BRIGANTESSE – STORIE D’AMORE E DI FUCILE Il libro-disco del giovane cantautore Andrea del Monte verrà presentato, giovedì alle 18, a Roma, presso “Lettere e Caffè” (via San Francesco a Ripa, 100) Al coraggio di Francesca Sipicciani, e ai ricordi su carta, recitati dalla calda voce di Sabrina Ferilli, è affidata una delle liriche più toccanti di “Brigantesse – storie d’amore e di fucile”, progetto letterario e musicale nato da un’idea del cantautore Andrea Del Monte, già autore “Caro poeta, caro amico” dedicato a Pier Paolo Pasolini nel quarantennale della sua scomparsa. Il libro-disco verrà presentato, giovedì alle 18, a Roma, presso “Lettere e Caffè” (via San Francesco a Ripa, 100). Oltre all’autore, interverrà il poeta Antonio Veneziani, che, assieme al giovane poeta Gabriele Galloni, ha curato il volume. Saranno presenti alcuni scrittori e poeti che hanno collaborato alla realizzazione dell’opera: Susanna Schimperna, Fernando Acitelli, Renzo Paris, Helena Velena, Antonella Rizzo, Claudio Marrucci, Roberto Campagna, Dona Amati, Simone Pozzati, Valentino Romano, Ignazio Gori, Stefania De Caro, Paola Toti, Anna
Laura Longo, Isabella Moroni e Ilaria Palomba. Il cd, prodotto dall’etichetta tedesca Sound System Records, e il libro, edito dalla casa editrice Ponte Sisto di Roma, sono composti da tredici liriche, ognuna è la storia di una briganta, scritte da poetesse e poeti. Sono brigantesse che hanno lottato sui Monti Lepini, nelle campagne del Sud, lungo i territori dominati dal Papato o su quelli controllati dai francesi. “Brigantesse – storie d’amore e di fucile” narra in particolare le leggendarie vicende di Filomena Pennacchio che prendono di nuovo forma grazie ai testi di Elisabetta Bucciarelli, così come quelle di Elisa Garofoli (Antonella Rizzo), Dora (Ilaria Palomba), Rosa Cedrone (Andrea Di Consoli e MariavittoriaPicone), Elisabetta Di Giuliano detta La Bella Lisa (Andrea Del Monte e Antonio Veneziani), Nicolina Licciardi (Geraldina Colotti), Carola (Lidia Riviello), Maria Giuseppina Oliverio detta ‘Ciccilla’ (Gabriele Galloni), Michelina De Cesare (Susanna Schimperna), Nicolina Iaconelli (Helena Velena), Francesca La Gamba (Claudio Marrucci), Luisa Spina (Ignazio Gori) e ‘Belamishad’ (Renzo Paris).
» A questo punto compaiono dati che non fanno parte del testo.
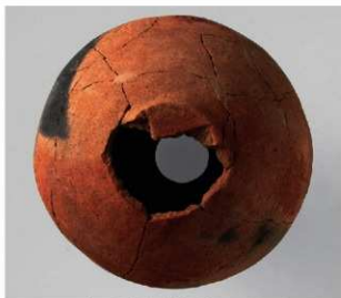
2 第5号方形周溝墓 (第227图23)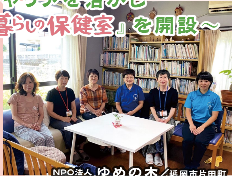
NPO法人 ゆめの木 / 延岡市片田町

令和元年11月に設立したNPO法人「ゆめの木」。医療、保健、介護、福祉の分野で長年キャリアを積んだ女性たちが、「退職後の自分たちにもまだ何かできないか?」「そうだ。暮らしに身近な保健室をつくらう。」と立ち上げました。個人の自宅の一角で、スタッフ10数名の少数精鋭が和気あいあいと活動しています。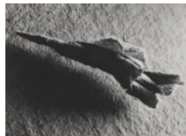
© Salvador Dalí, Fundació Gala-Salvador Dalí, VEGAP, Figueres, 2019 Brassai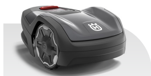
Automower® ASPIRE™ R4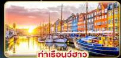
ท่าเรือบูธาว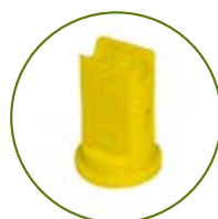
Lechler IDKS 80° (jet oblique)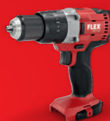
PD 2G 18.0 Bestell-Nr. 417.858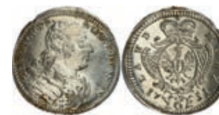
66 6 Kreuzer, 1751, Karl Wilhelm Friedrich, Slg. Wilm. 1036, vz-st. 80,—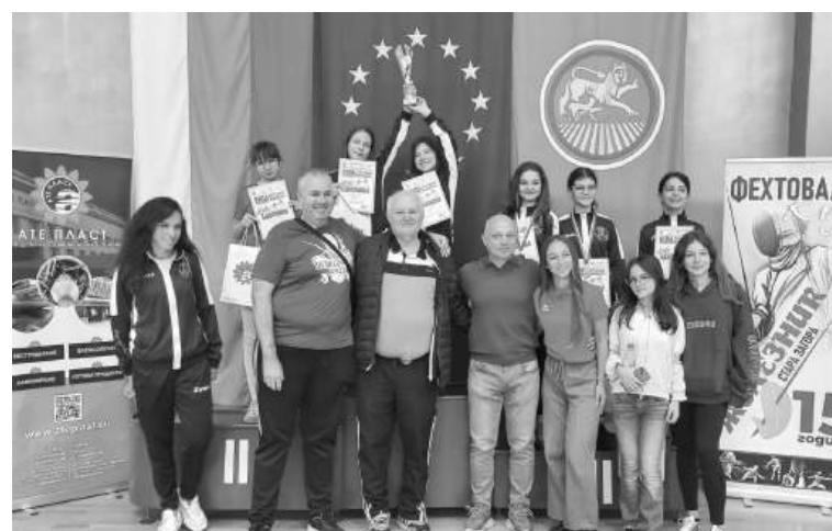
Общо пет медала завюваха фехтовчиците на „Корсар“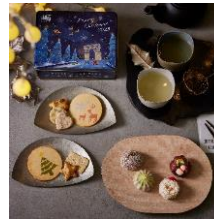
赤坂柿山「メリークリスマス」 巖邑堂「クリスマス上生菓子」(4種) 菓子の記録帖 赤坂柿山1,620円 ※売り切れ次第終了 巖邑堂各432円 ※1日5個程度(取扱無しの日もあり)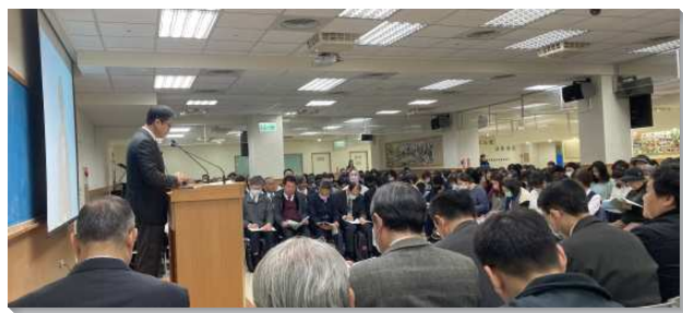
▲文山一大區冬季現場訓練

哥林多前書十一章二十六節說，『你們每逢喫這餅，喝這杯，是宣告主的死，直等到祂來』。主日聚會是主自己親自設立的，為著豫備主的回來，我們需要看重主日聚會，在主日聚會中一同來記念主。弟兄姊妹在分享中也回應這負擔，不僅為身邊的弟兄姊妹禱告，眾人一同進到美地爭戰，也需要在生活中彼此供應，與同伴早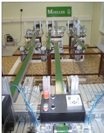
Obr. 1. Pohled na dopravníky

procesu. Analogovými výstupy řídicích relé EASY800 je ovládána rychlost použitých dopravníků. O změnu rychlosti se starají měniče frekvence DF51. Celou aplikaci je pak možné řídit přes dotykový displej XV200, který se zároveň používá i pro vizualizaci.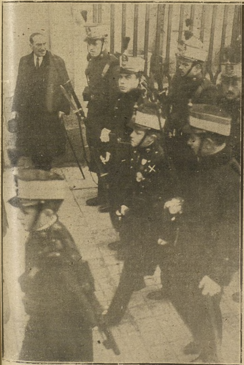
EL PRINCIPE DE ASTURIAS (N). ALSALIR DE LA IGLESIA DE LOS JERONIMOS, DESPUES DE ASISTIR CON SU REGIMIENTO A LA MISA CELEBRADA CON MOTIVO DE LA FIESTA DE LA PATRONA DE LA INFANTERIA.

—Jamás admitiremos — dijo — que Europa tenga la dirección de los asuntos del Canadá, y no olvidaremos tampoco que las ambiciones del viejo continente han ensangrentado al mundo. — Radio.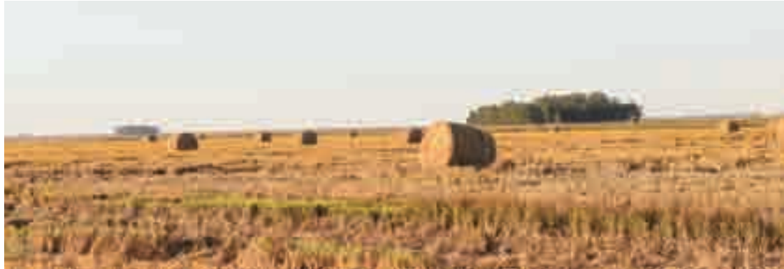
Confeccionar rollos a partir del rastrojo del arroz potencia la ganadería y resuelve el problema de su abundancia.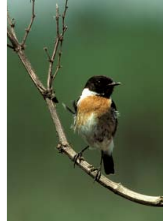
Das Schwarzkehlchen · Saxicola torquata – profitiert vom richtigen Naturmanagement auf dem Egelsberg und brütet hier wieder.

Es ist kein einfaches Thema, wenn es darum geht, was aus unserem Vermögen wird und wie wir unseren Nachlass regeln. Haben in früherer Zeit kinderlose Menschen ihr Vermögen häufig den Kirchen überlassen, so werden heute auch andere Stiftungszwecke bedacht. Zustiftungen in den Kapitalstock einer Stiftung wirken dauerhaft, da das Kapital in ungeschmälerter Höhe erhalten bleiben muss. Die Zinserträge wirken also quasi auf ewig für die Realisierung des Stiftungsziels, in unserem Fall der Erhaltung und Verbesserung der Natur unserer niederrheinischen Heimat – insbesondere für die kommenden Generationen. Ein schöner Gedanke, am Fundament Zukunft mitzuwirken, finden Sie nicht?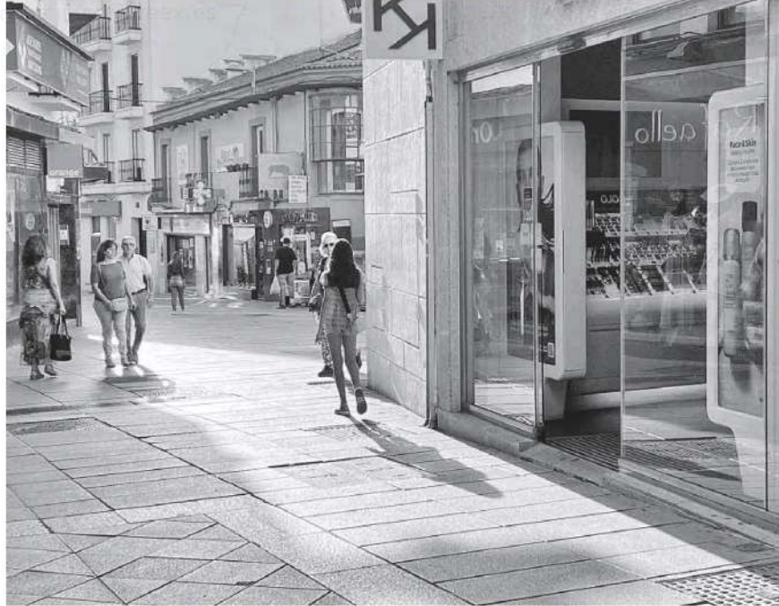
En Mérida ▶ Puerta automática en un comercio de la calle Santa Eulalia de la capital extremeña.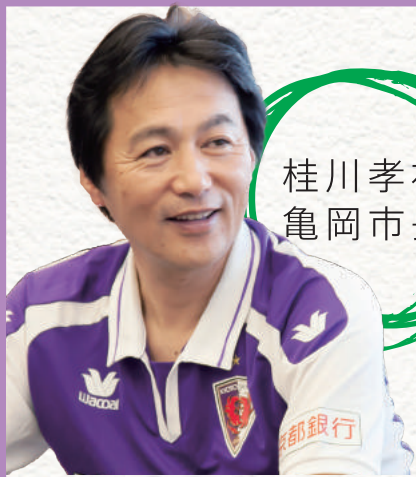
桂川孝裕 亀岡市長

2014年にホームタウンとなって以来、サンガと手を取り合いながら 勢いと活気を増しつつある亀岡市。今回は染谷悠太選手が桂川孝裕市長のもとを訪ね、 気になる新スタジアムやリーダーシップについて語り合いました。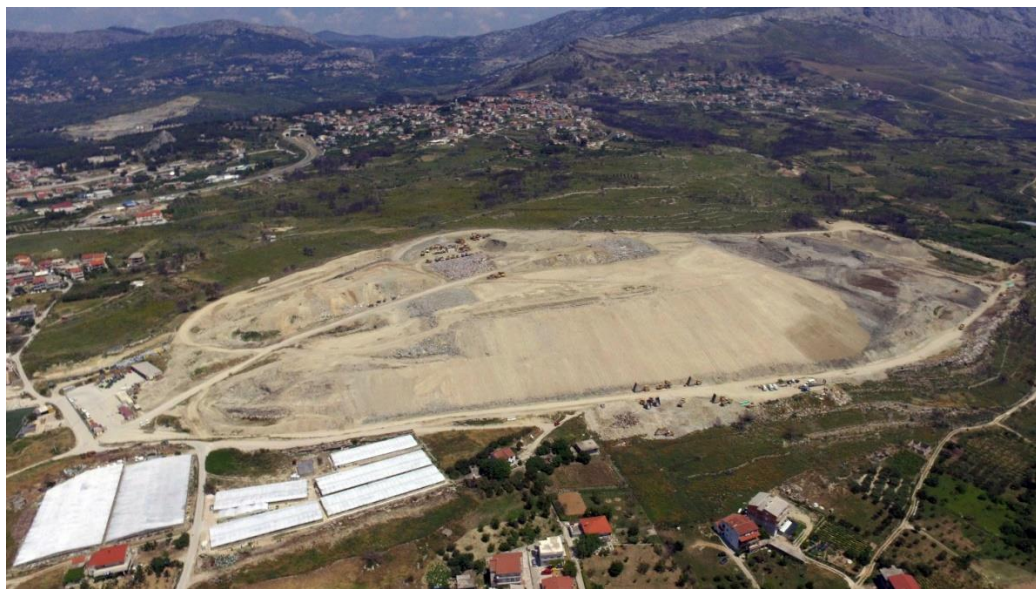
Slika 6. Odlagalište otpada Karepovac - Split

Plan gospodarenja otpadom grada Splita za razdoblje 2016 do 2022. godine predstavlja temeljni dokument koji će poslužiti kao osnova za uvođenje cjelovitog sustava gospodarenja otpadom u administrativnim granicama grada Splita. Svrha ovog plana je definirati okvir za održivo gospodarenje otpadom koje obuhvaća skup aktivnosti, odluka i mjera usmjerenih na sprječavanje nastanka otpada, smanjivanja količine otpada, provedbu sakupljanja, prijevoza, uporabe, zbrinjavanja i drugih aktivnosti vezanih za otpad, nadzor nad obavljanjem tih djelatnosti kao i skrb za postojeća i divlja odlagališta otpada.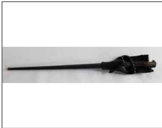
82 Baïonnette d'infanterie modèle 1874 pour fusil gras, fabrication Manufacture d'armes de Tulle, septembre 1879. Dans son fourreau en tôle d'acier bronzé avec porte-fourreau cuir noir. État 1-. 40/50 €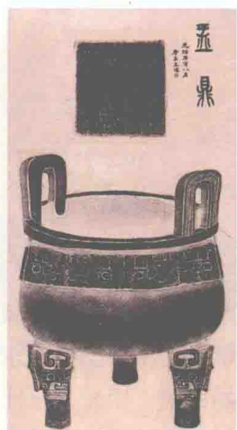
【西周】《大盂鼎铭》（局部）（前11世纪中叶），为西周前期金文典范。鼎现藏中国历史博物馆

多的一篇金文，是周宣王时的《毛公鼎铭》，共497字。其字体结构严整，瘦劲流畅，布局不弛不急，行止得当，是金文的代表作品。据记载，周宣王时期有太史籀试图统一文字。他变革金文书体，去芜存菁，作《史籀》15篇，作为当时学童的识字课本，也成为王室器物上使用的标准字体，人称“大篆”或“籀书”。其流风所及深深地影响到秦地的字体和书风。可惜，《史籀》传至东汉就已散失了6篇，余下9篇如今也已不存，仅东汉许慎《说文解字》中收录有200多个大篆字体。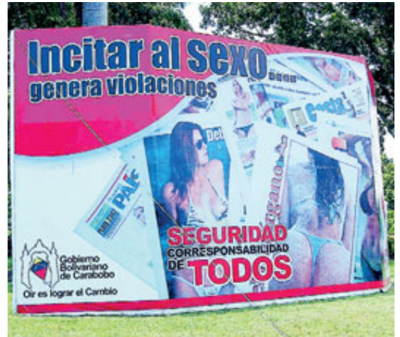
mensajes del paleolítico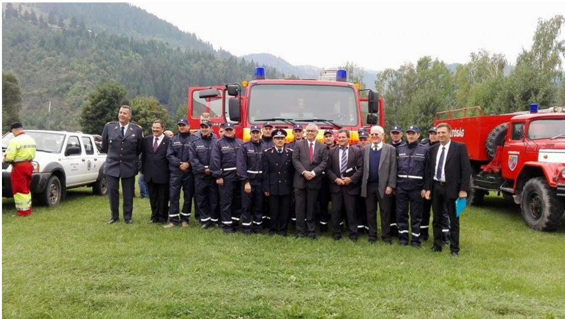
Les pompiers volontaires et les représentants des partenariats devant le camion de Lunca de Jos/Gyimesközéplok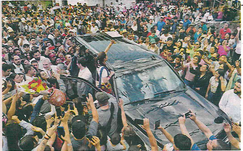
La Mandataria se detuvo a saludar a los asistentes que le tomaron fotografías.

Contra su estómago apretaba un paquete de folios amarillos con peticiones y denuncias que pensaba entregar a Sheinbaum: el lago de Zirahuén le descar-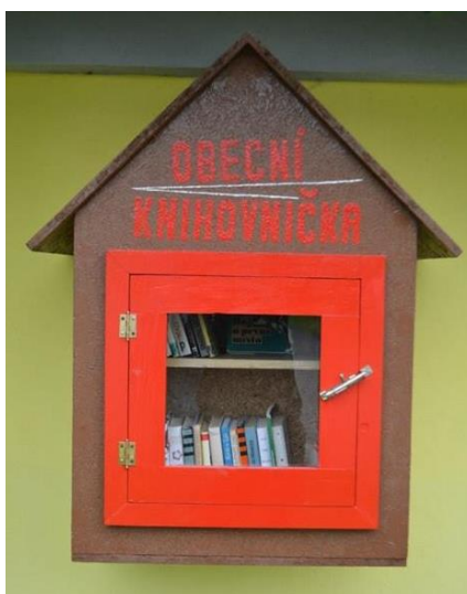
Obrázek 6: Příklad malé pouliční knihovničky

Na obrázku č. 6 je příklad, jak může vypadat malá pouliční knihovnička, která je součástí projektu MINI knihovna. Tato dřevěná knihovnička se nachází v obci Karlov na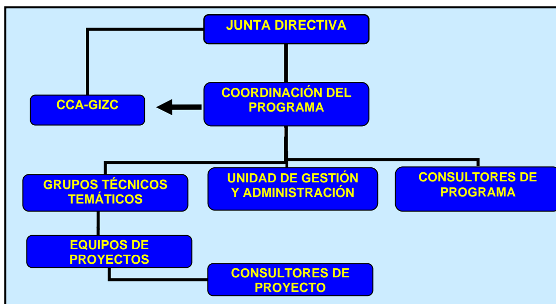
Figura 1.- Organigrama del Programa EcoPlata

El Programa EcoPlata es gestionado a través de la Unidad de Gestión y Administración. A través del CIID se ha venido contando también con la cooperación de instituciones canadienses como las Universidades de Dalhousie y Acadia, con el Instituto de Bedford y con el Ministerio de Medioambiente Canadiense (Environment Canada).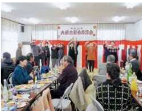
また来年の講演会と交流会が楽しみです。

新 春講演会・交流会が、2月19日に大綱木公民館において開催されました。 講演会は、公民館長のあいさつで始まり、講師の方による「なりすまし詐欺防止」についての落語を聞きました。詐欺の電話対応の仕方など、楽しくお話ししていただきました。 交流会では、初めに自治会長のあいさつや来賓の副町長と町議会議長の祝辞をいただき、長寿クラブ会長の乾杯で交流会が始まりました。健康体操やカラオケ、輪投げ大会や楽しみ抽選会などの出し物で、大いに盛り上がりました。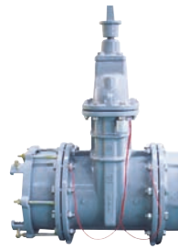
부식방지 양면 소프트 실 제수밸브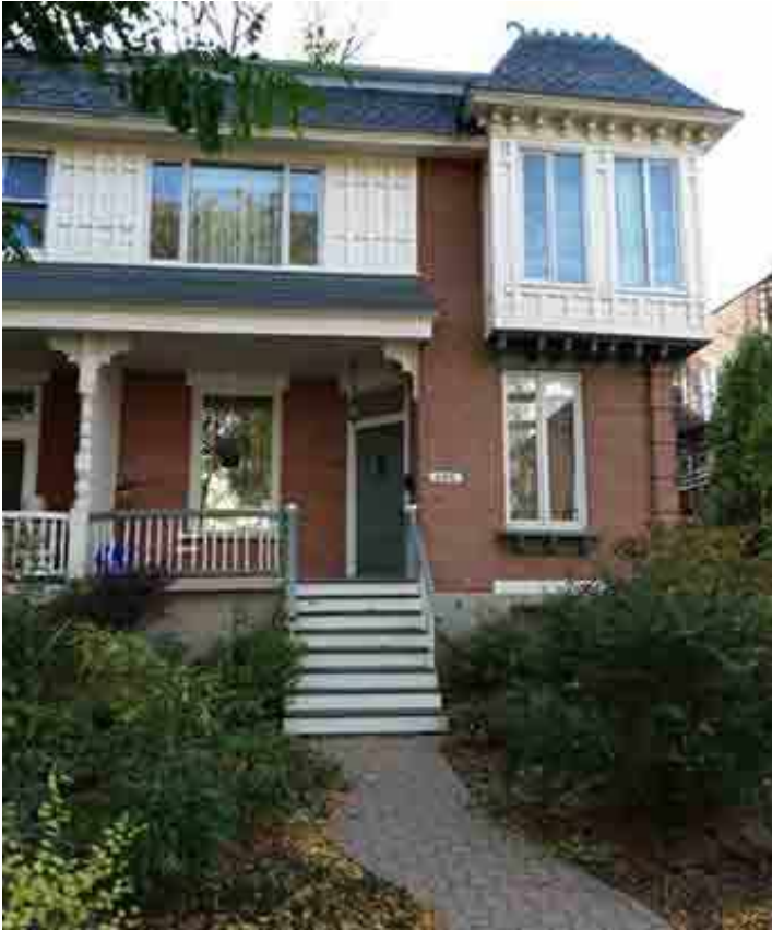
142, avenue Abbott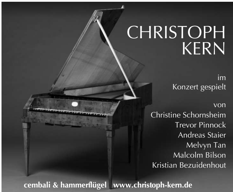
Kategorie II: Nr. 81 – 150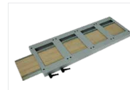
Établi coulissant droite ou gauche / différentes tailles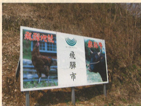
飛騨市の看板には、「飛騨牛」と並んで「飛騨地鶏」が! 全国的に認知される日も近い?

この生産数を実現するため、貯卵庫、孵卵機、育雛器を整備しました。また、法人内に営業・販売課も組織され、いよいよ販売態勢および生産態勢が整いました。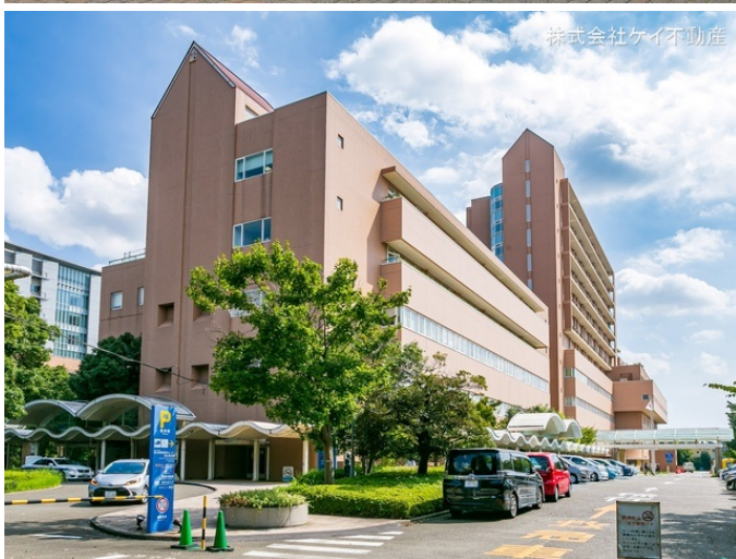
株式会社ケイ不動産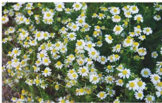
Χαμομήλι ( Matricariachamomilla L.)

Στη χώρα μας καλλιεργείται στη Στερεά Ελλάδα, Αττική, Θεσσαλία, Μακεδονία, Θράκη, και αλλού.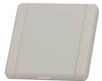
Saugdose VACUVALVE ES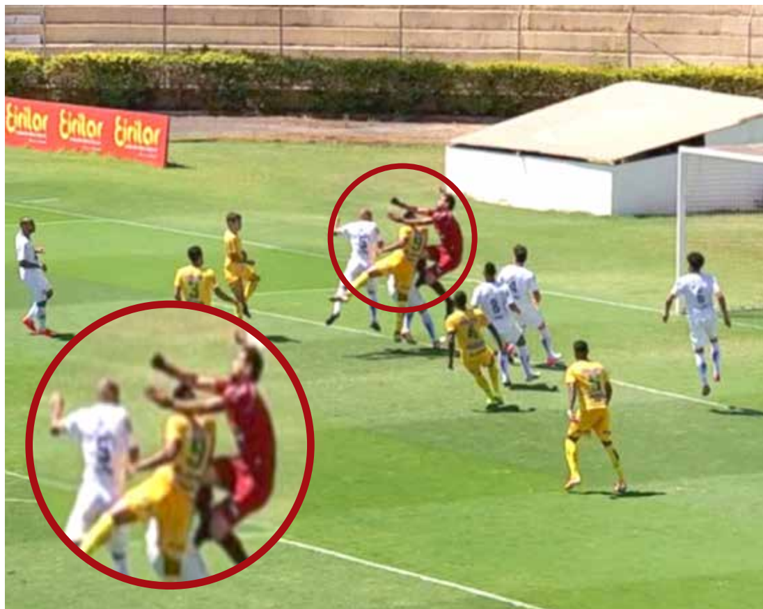
Bruno Mota durante choque com o goleiro Tom, do São Caetano

Utilize o QR Code para ter acesso a outras matérias relacionadas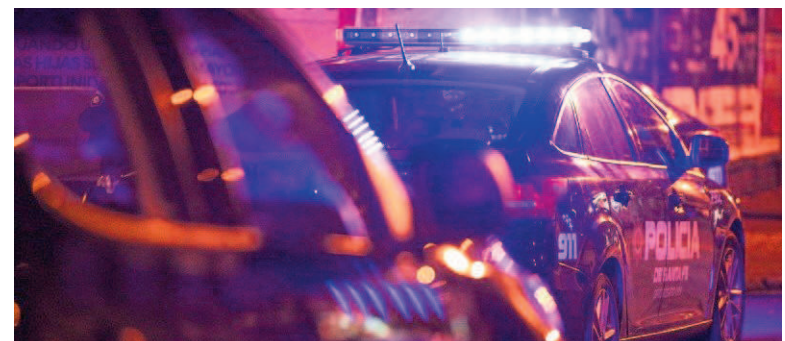
La localidad es escenario de disputas entre bandas.

Aunque la cantidad de impactos no coincide con el número de proyectiles hallados, la policía recogió al menos 37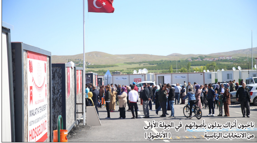
ناخبون أتراك يدلون بأصواتهم في الجولة الأولى من الانتخابات الرئاسية

أنقرة/ وكالات: يدلي الناخبون الأتراك بأصواتهم اليوم الأحد في جولة الإعادة للانتخابات الرئاسية بين الرئيس رجب طيب أردوغان ومناقسه كمال كليجدار أوغلو. وينتخب الأتراك رئيساً يتولى المنصب لولاية مدتها 5 سنوات. وفي جولة الانتخابات الأولى يوم 14 مايو/ أيار، حصل أردوغان على 49.5% من الأصوات، وهي نسبة تقل قليلاً عن الأغلبية اللازمة للحسم من الجولة الأولى. وحصل كليجدار أوغلو -وهو مرشح تحالف المعارضة يضم 6 أحزاب- على تأييد 44.9% من الناخبين. بينما حل المرشح القومي سنان أوغان ثالثاً بحصوله على نسبة 5.2% من الأصوات ليتم استبعاده. وتلقى أردوغان قبل أيام دعماً من المرشح القومي سنان أوغان، مما عزز موقفه وزاد من التحديات التي يواجهها كليجدار أوغلو في جولة الإعادة. ولا يحدد التصويت فقط من سيقود تركيا، العضو في حلف شمال الأطلسي والتي يبلغ عدد سكانها نحو 85 مليون نسمة، ولكن أيضاً كيف ستتم إدارتها وإلى أين يتجه اقتصادها وسط أزمة غلاء المعيشة، كما سيحدد مسار سياساتها الخارجية. ويحق لأكثر من 64 مليون تركي التصويت في حوالي 192 ألف مركز اقتراع. وهناك 3.4 ملايين ناخب في الخارج صوتوا في الفترة من 20 إلى 24 مايو/ أيار الجاري. وتفتح مراكز الاقتراع أبوابها في الساعة الثامنة صباحاً (5:00 بالتوقيت العالمي) وتغلق في الخامسة مساءً (14:00 بالتوقيت العالمي) اليوم الأحد.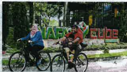
AKTIVITI berbasikal bersama keluarga meredah ladang penyelidikan pertanian.

"Oleh itu, kami mengambil inisiatif menyediakan lokasi dan aktiviti riadah bagi warga kota bersantai hujung minggu yang bukan saja eksklusif, malah tenang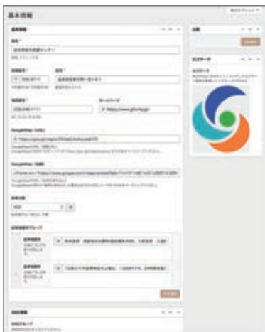
▲ダッシュボード機能のイメージ(例:基本情報)

医療機関の①基本情報(A当院概要 B診療情報 Cアクセス Dトップイメージ)の登録・編集ができます。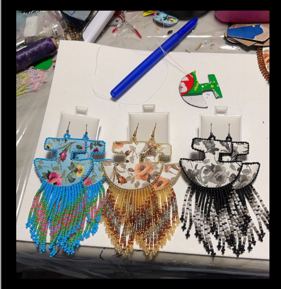
Boucles d'oreilles perlées en forme de uluk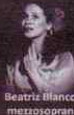
Beatriz Blanco mezzosopran

Le tredici brigantesse tornano così a rivivere in altrettante poesie musicate e cantante da Andrea Del Monte con la produzione dello stesso Del Monte, di Nick
Valente (chitarrista di Simona Molinari e Peter Cincotti) e Guido Guglielminetti (produttore di Francesco De Gregori), vantando anche prestigiosi interventi musicali come quello di John Jackson, storico chitarrista di Bob Dylan, Roberto Cardinali, chitarrista nel film ‘Loro’ di Paolo Sorrentino, e molti altri ancora. Sul libro seguono poi le vite romanzate delle brigantesse trattate nelle canzoni (e non solo) scritte da: Anna Laura Longo, Giulio Laurenti, Giorgio Gigliotti, Maurizio Valtieri, Isabella Moroni, Titti Rigo de Righi, Andrea Appetito, Angelo Mastrandrea, Fernando Acitelli, David Laurenzi, Salvatore Di Gigli, Chiara Mancini, Stefania De Caro, Michela Zanarella, Dona Amati, Simone Pozzati, Anna Appolloni e Roberto Campagna. Ad arricchire la parte letteraria del progetto ci sono fotografie e quadri di brigantesse e briganti e un fumetto scritto da Giuseppe Pollicelli e disegnato da Emiliano Conti. Oltre una serie di interviste a scrittori che si sono occupati di brigantaggio come Maria Rosa Cutrufelli (autrice del romanzo “La Briganta”), Giancarlo De Cataldo, Giordano Bruno Guerri, Eugenio Bennato, Paola Toti, Raffaele Nigro, Valentino Romano e la stessa Sabrina Ferilli che racconterà della brigantessa Francesca
Sipicciani, da lei interpretata per la mini-fiction su Rai Uno intitolata “Né con te, né senza di te”, alla quale è stata affidata la lirica di apertura registrata appositamente per questo progetto. “La vita di ogni brigantessa è raccontata da scrittrici e scrittori, avendo come esempio nobile ‘Le vite immaginarie’ di Marcel Schwob – spiega Andrea Del Monte -. Il mio personale intento però non era quello di realizzare un disco-libro con semplici riferimenti storici, quanto invece offrire nuovi spunti di riflessione verso le brigantesse, figure per le quali a mio avviso non si è mai posato su il giusto accento. Parlare di loro, stando dalla parte dei ‘perdenti’ con un occhio più attento e meno scandalistico. Perché sono e restano donne. Come dice Helena Velena a proposito di Nicolina Iaconelli: ‘Moglie madre amante, pure ladra, semplicemente una donna come tante’ ”. Andrea Del Monte è cantautore, chitarrista e compositore di Latina. Nel 2007, con il singolo “Il giro del mondo” (ispirato dal film Il Grande Dittatore di Charlie Chaplin) vince il Premio della Critica al festival “Il Cantagiro”. Al suo primo omonimo EP collaborano John Jackson (storico chitarrista di Bob Dylan), e il musicista ed etnomusicologo Ambrogio Sparagna. Con questo disco, raggiunge la Top 20 di iTunes. Infine, a Pier Paolo Pasolini, dopo aver musicato la sua poesia “Supplica a mia madre”, sempre con la collaborazione di John Jackson, dedica il disco-libro “Caro poeta, caro amico”.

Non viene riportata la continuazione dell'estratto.